Sha Xiaopeng, Guan Zheng, Wang Ying, Han Jinglu, Wang Yi, Chen Zhaojun
Hebei Key Laboratory of Micro-Nano Precision Optical Sensing and Measurement Technology, Qinhuangdao, China.
School of Control Engineering, Northeastern University at Qinhuangdao, Qinhuangdao, China.
Digit Health. 2025 May 21;11:20552076251343696. doi: 10.1177/20552076251343696. eCollection 2025 Jan-Dec.
Traditional Chinese medicine (TCM) tongue diagnosis, through the comprehensive observation of tongue's diverse characteristics, allows an understanding of the state of the body's viscera as well as Qi and blood levels. Automatic tongue image recognition methods could support TCM practitioners by providing auxiliary diagnostic suggestions. However, most learning-based methods often address a narrow scope of the tongue's attributes, failing to fully exploit the information contained within the tongue images.
To classify multifaceted tongue characteristics, and fully utilize the latent correlation information between tongue segmentation and classification tasks, we proposed a multi-task joint learning network for simultaneous tongue body segmentation and multi-label Classification, named SSC-Net.
Firstly, the shared feature encoder extracts features for both segmentation and classification tasks, where the segmentation result is utilized to mask redundant features that may impede classification accuracy. Subsequently, the ROI extraction module locates and extracts the tongue body region, and the feature fusion module combines tongue body features from bottom to top. Finally, a fine-grained classification module is employed for multi-label classification on multiple tongue characteristics.
To evaluate the performance of the SSC-Net, we collected a tongue image dataset, BUCM, and conducted extensive experiments on it. The experimental results show that the proposed method when segmenting and classifying simultaneously, achieved 0.9943 DSC for the segmentation task, 92.02 mAP, and 0.851 overall F1-score for the classification task.
The proposed method can effectively classify multiple tongue characteristics with the support of the multi-task learning strategy and the integration of a fine-grained classification module. Code is available here.

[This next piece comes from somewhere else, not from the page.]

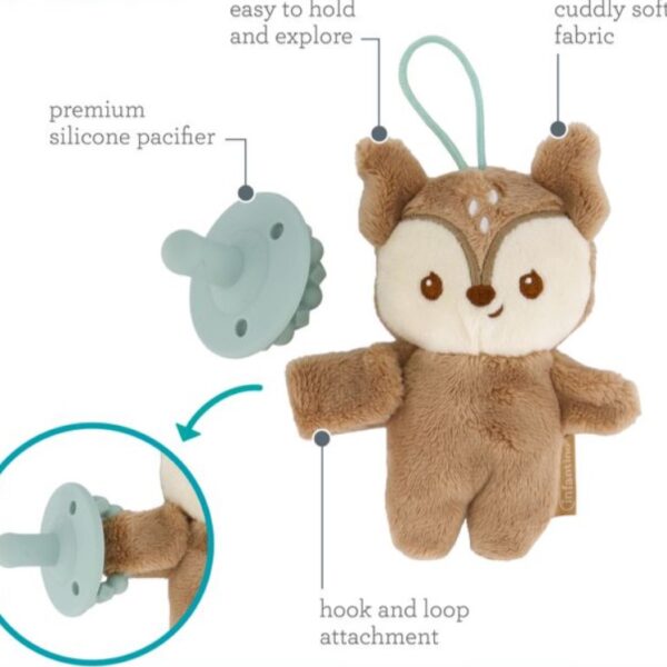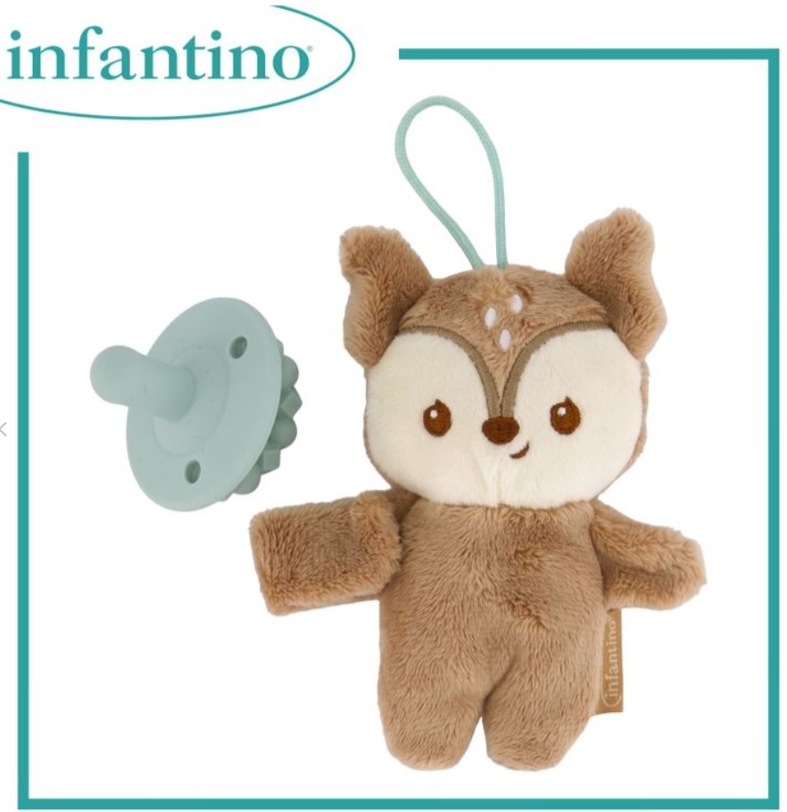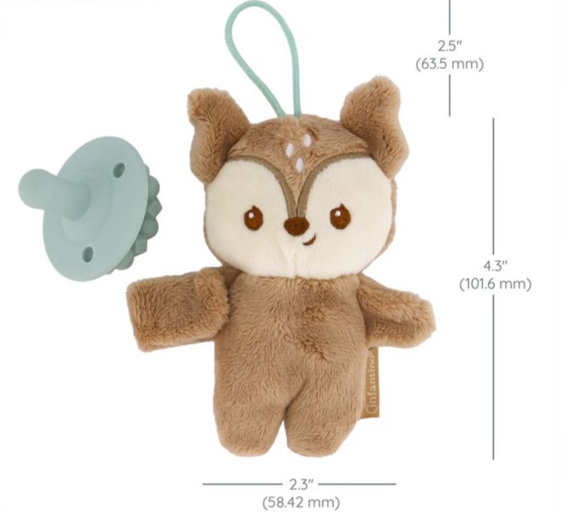 適合初生嬰兒使用 採用柔軟舒適的布料製成,寶寶一定會愛上依偎。它能帶來情感上的舒適和身體上的放鬆,深受寶寶和家長的喜愛。 隨附的安撫奶咀採用優質柔軟矽膠製成,為寶寶帶來舒緩體驗。 安撫奶咀設計方便寶寶抓握與探索,促進寶寶自我安撫。 將安撫娃娃和安撫奶咀固定在一起,防止遺失,確保它們始終觸手可及。 不含BPA

中医舌诊通过对舌象多种特征的综合观察,可以了解人体脏腑及气血的状态。自动舌象识别方法可为中医从业者提供辅助诊断建议。然而,大多数基于学习的方法往往只涉及舌象属性的狭窄范围,未能充分利用舌象图像中包含的信息。
为了对多方面的舌象特征进行分类,并充分利用舌象分割与分类任务之间的潜在关联信息,我们提出了一种用于同时进行舌体分割和多标签分类的多任务联合学习网络,即SSC-Net。
首先,共享特征编码器为分割和分类任务提取特征,其中分割结果用于屏蔽可能妨碍分类准确性的冗余特征。随后,感兴趣区域(ROI)提取模块定位并提取舌体区域,特征融合模块从下到上组合舌体特征。最后,采用细粒度分类模块对多种舌象特征进行多标签分类。
为了评估SSC-Net的性能,我们收集了一个舌象图像数据集BUCM,并在其上进行了广泛的实验。实验结果表明,该方法在同时进行分割和分类时,分割任务的Dice相似系数(DSC)达到0.9943,分类任务的平均精度均值(mAP)为92.02,总体F1分数为0.851。
所提出的方法在多任务学习策略和细粒度分类模块的集成支持下,能够有效地对多种舌象特征进行分类。代码可在此处获取。